We present OpenABL, a domain-specific language designed for agent modeling on high-performance parallel and distributed architectures. It comprises an easy-to-program language that relies on high-level abstractions for programmability and explicitly exploits agent parallelism to deliver high-performance. It supports a wide range of context-specific semantics such as order-independent step functions, neighborhood queries, heterogeneous agents, and dynamic agent addition and removal. A source-to-source compiler translates the input OpenABL code into an AST-based intermediate representation exposing parallelism, locality and synchronization at the agent level. Subsequently, a collection of pluggable backends generate target codes for multi-core CPUs, massively parallel GPUs, large clusters and cloud systems. The OpenABL generated codes have been tested on a collection of six applications from various fields. While a program written in OpenABL is much smaller than one written for non-portable platform-specific libraries, its performance is very close to manual implementations.

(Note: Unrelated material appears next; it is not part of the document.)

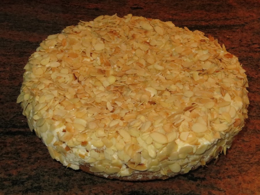 Metí las almendras laminadas al horno durante cinco minutos para tostarlas, las esparcí por encima y ya está la tarta lista para comer. Es una tarta muy sencilla que da muy buen resultado y si conocéis a alguien que se llame Sara le podéis dar una sorpresa.

OpenABL is an open source project available at https://github.com/OpenABL/OpenABL, with the goal of becoming an open research platform. The used code and instructions to reproduce our benchmarking results are available in a figshare repository [34].

This research has been partially funded by the DFG project CELERITY (CO 1544/1-1) and by the EPSRC fellowship Accelerating Scientific Discovery with Accelerated Computing (EP/N018869/1).